Tuesday 5 April 2011

To Can Tho

Ahoy!

I've booked my bus ticket to Can Tho, in the Mekong Delta, and will be heading off tomorrow morning. It also looks like it could be the most complicated bus journey I've ever undertaken. It has already proven to be quite a task.

I had a little business card from the bus company saying that they go to Can Tho and Mui Ne and Da Lat and Nha Trang etc etc. So I wandered over to the offices this morning and asked for a ticket to Can Tho. Unfortunately the lady who was helping me didn't speak much English, but she explained to me that if I want to go south I have to go to their other offices. She then showed me the address on the business card. I looked at my little map of central HCMC to see if I could find the street, but failed. I handed the map over to the lady and asked her to mark the spot. She drew a little dot right on the edge of my map. The road she had pointed out to me was only just visible on the map and was too small to have the street name shown.

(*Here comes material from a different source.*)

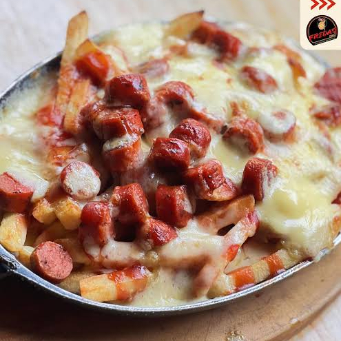 Salchicha en rodajas, con papas amarillas fritas, ripio crujiente y abundante queso gratinado por encima, acompañadas de salsa al gusto.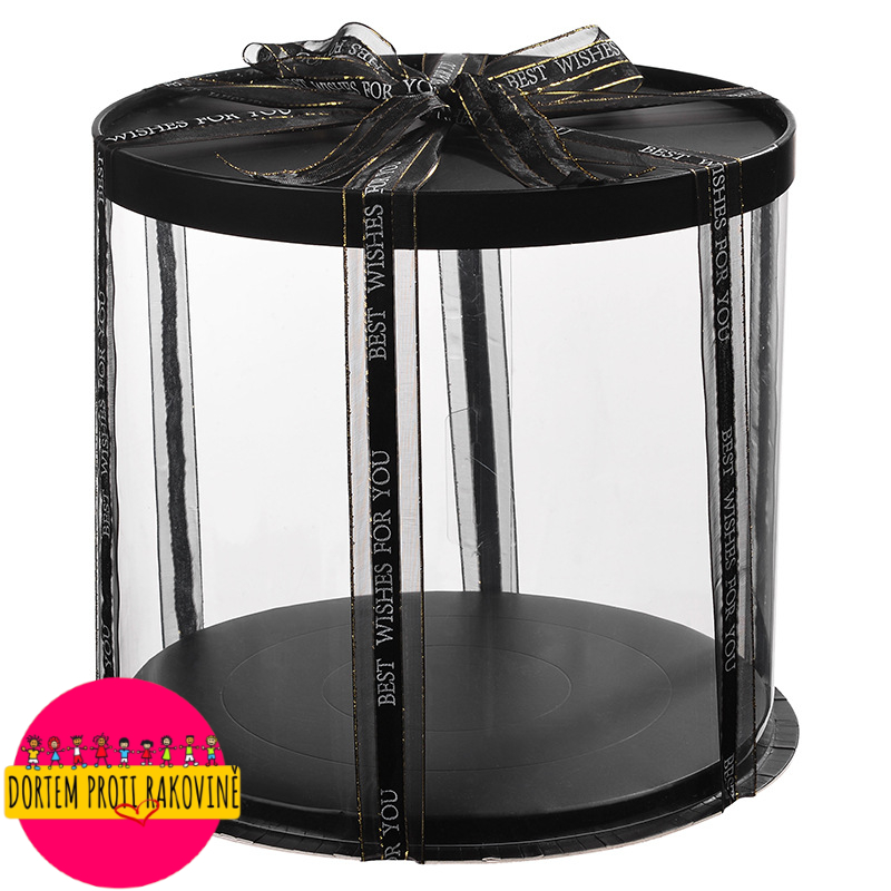 Elegantní průhledný box na dorty s černým podnosem a víkem. Box je opakovaně použitelný, což vám umožní předvést své dorty při každé příležitosti. Doporučujeme pod dort použít ještě tenkou podložku, aby se zabránilo poškození spodku boxu. Box je možné použít i na jiné dárkové předměty Stuha není součástí balení! Doporučujeme stuhu o šířce 25 mm Rozměry: 26x31cm Při zakoupení tohoto produktu přispíváte 2Kč na skvělý projekt ,,Dortem proti rakovině". Jedná se o projekt na podporu onkologicky nemocných dětí a jsme moc rádi,že můžeme být součástí. Děkujeme Vám.

I gauged that it was within walking distance and set off. It took me about half an hour to get there, but it was easy enough to find.

Now you're probably wondering why I said this could be a complicated bus journey. I'll explain. I'd bought the ticket and was told I need to be back there at 7 the next morning. An hour before my bus was due to leave. I asked why I needed to be there so much earlier and was told that there is a bus that will pick me up and take me to the 'big bus station' where I'll find another bus to take me to Can Tho. This would ordinarily be an easy thing to do, take a bus there, switch buses and head to Can Tho. No problem.

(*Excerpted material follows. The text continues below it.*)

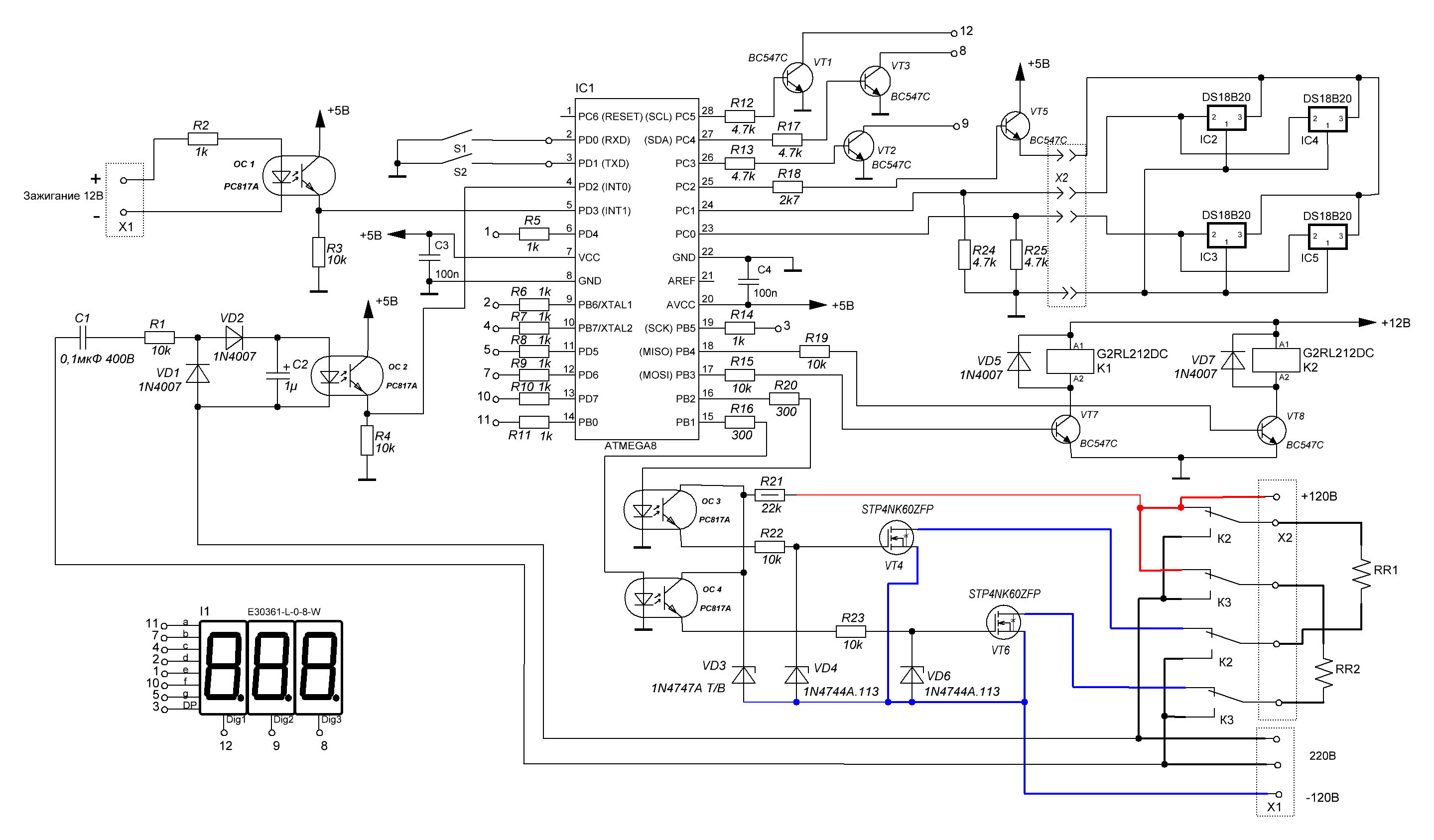 Сейчас обнаружил, что ножек моей любимой ATmega8 не хватает. 4 (датчики) + 11 (индикатор) + 2 (входы состояния электромобиля) + 2 (кнопки настройки) + 2 (выход переменки под два обогревателя) + 2 (выход постоянки на те же обогреватели) + 1(вкл. спящего режима датчиков) = 24 ножки. Я же могу задействовать только 22 ножки. Возможно буду уменьшать устройство до слежения только за одной зоной - 2 датчика и управление только одним обогревателем.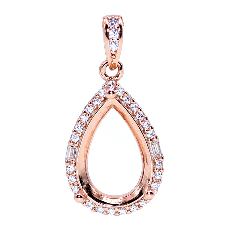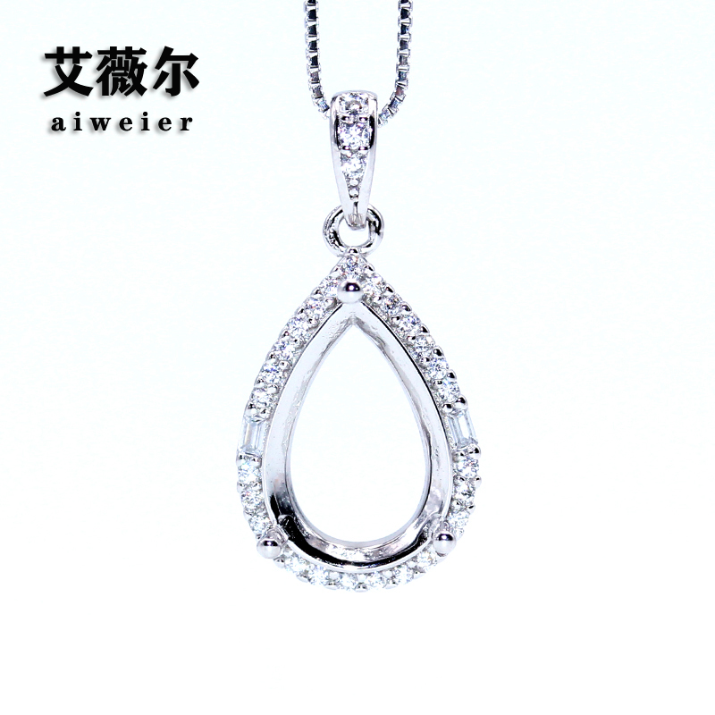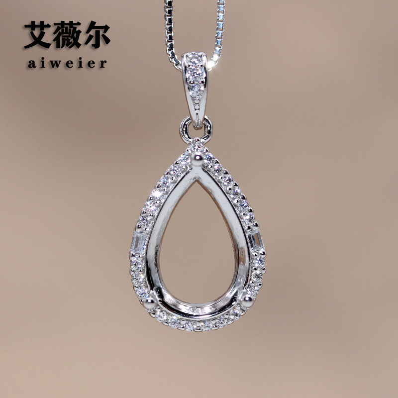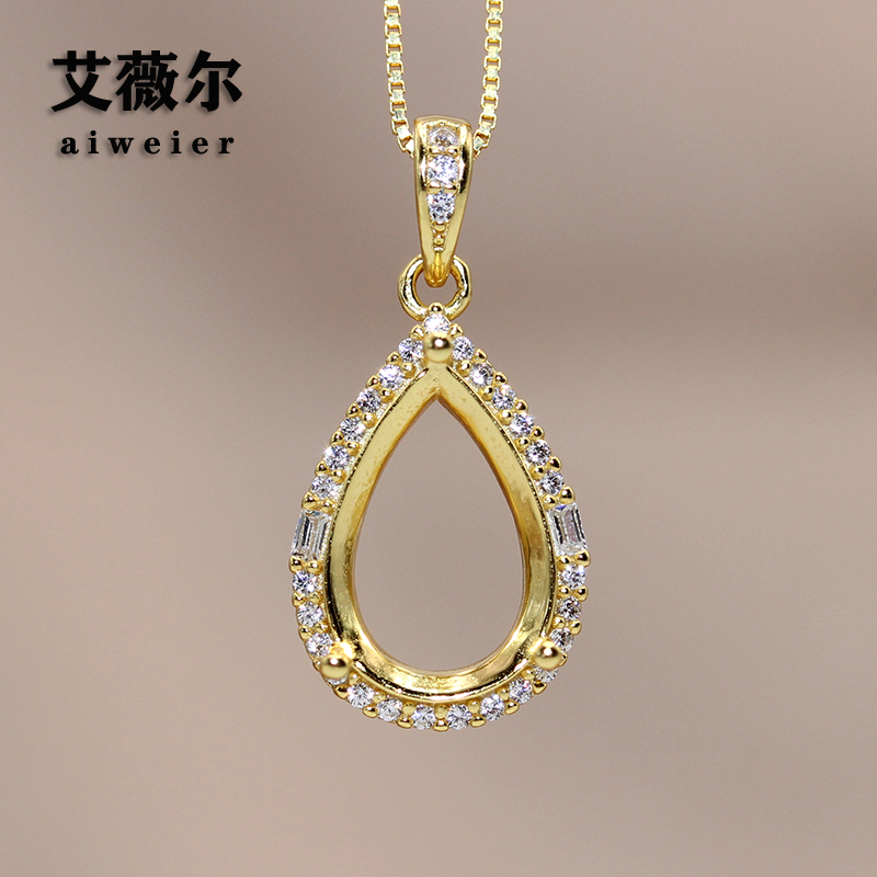 新款S925纯银吊坠空托水滴梨形空托精工女镶嵌18K玫瑰金4*6-8*12

Well, it would be easy if people spoke English. It could prove to be a little more challenging to try communicate with people in different languages.

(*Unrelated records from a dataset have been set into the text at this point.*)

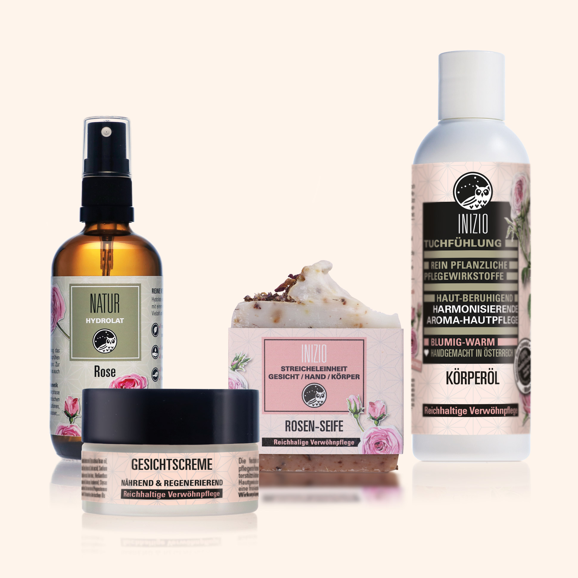 Das Kombipaket beinhaltet die idealen Produkte für die tägliche, verwöhnende Gesichts- & Körperpflege. Die Wirkstoffe der Rose wirken dabei harmonisierend, tonisierend und stärkend – egal ob zur Klärung und Erfrischung der Haut mit dem Hydrolat, zur reichhaltigen Gesichtspflege, zur Aroma Hautpflege für zarte, weiche Haut – ganz ohne Emulgatoren oder künstliche Inhaltsstoffe – oder zur Massage nach einem anstrengenden Tag verwendet werden.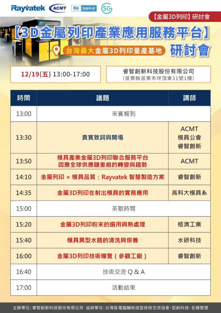 | 16:00 | 金屬3D列印技術導覽(參觀工廠) | 睿智創新 |
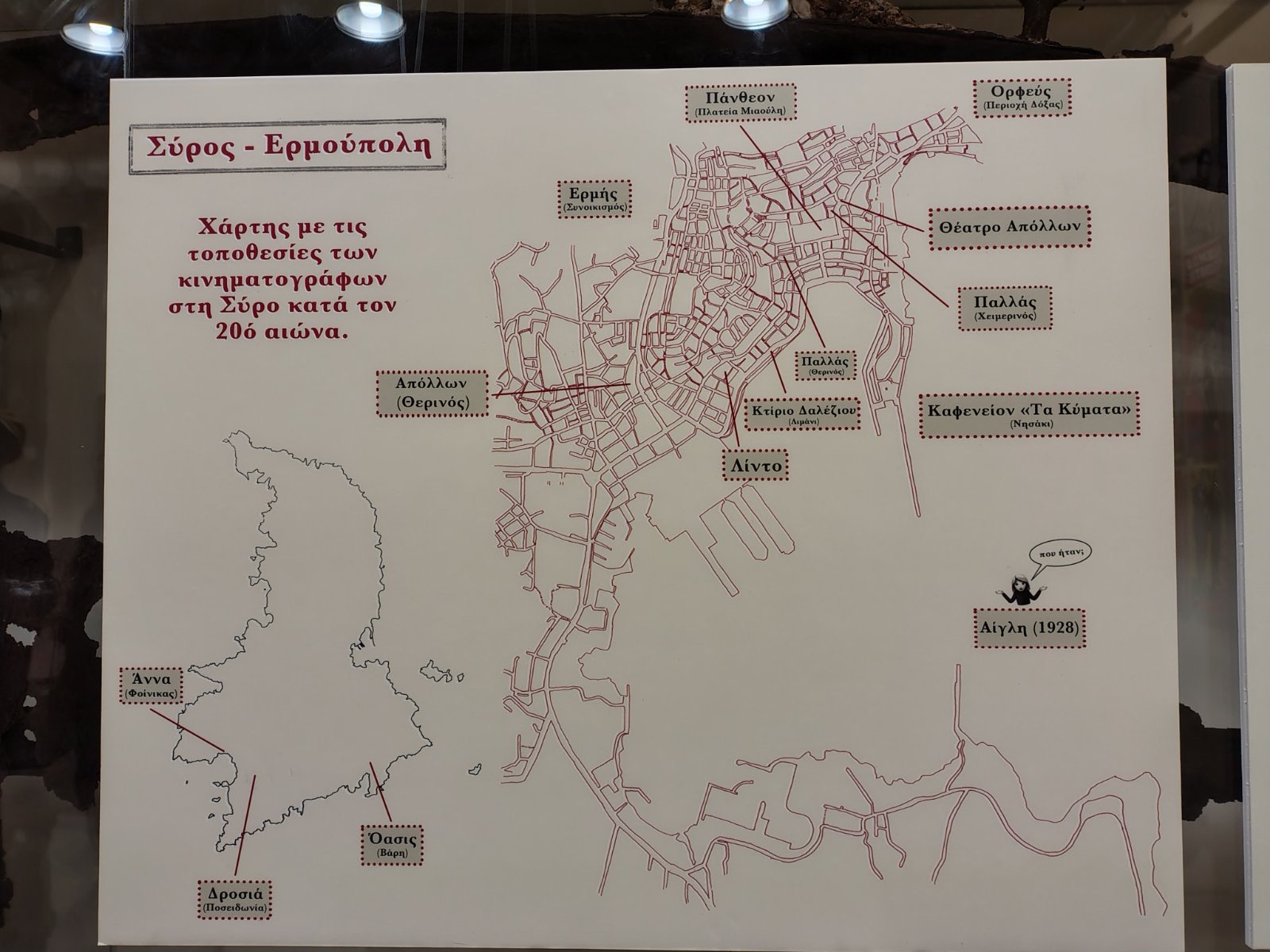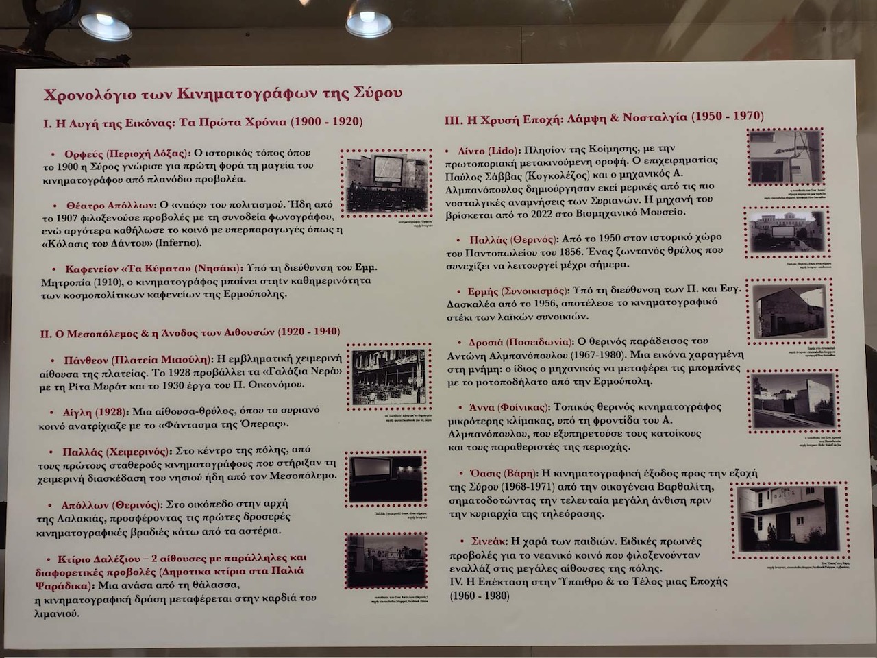 Η έκθεση αναδεικνύει την πολύτιμη συμβολή της Σύρου στην ανάπτυξη του κινηματογράφου στην Ελλάδα. Από τις αρχές του 20ού αιώνα, η Ερμούπολη υπήρξε πρωτοπόρος, φιλοξενώντας μερικές από τις πρώτες και πιο εμβληματικές κινηματογραφικές αίθουσες της χώρας, αποτελώντας ένα διαχρονικό κέντρο πολιτιστικής ακτινοβολίας για όλο το Αιγαίο.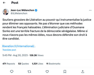 Le chef de file de LFI (La France insoumise), Jean-Luc Mélenchon, estime, dans une publication sur X, qu’

It should be a great experience though and I relish the challenge.

It rained last night. I was having supper and a bia hoi and there was lightning around. To be brutally honest I was disappointed with the weather's meager performance last night. The rain telegraphed its arrival like a real amateur and I was able to get under an umbrella long before it started raining. Rain like that happens in South Africa all the time. I expected more from the weather. I wanted raindrops the size of kittens and rivers forming where streets used to be. I wanted tourists to be flailing around screaming "the horror... the horror!"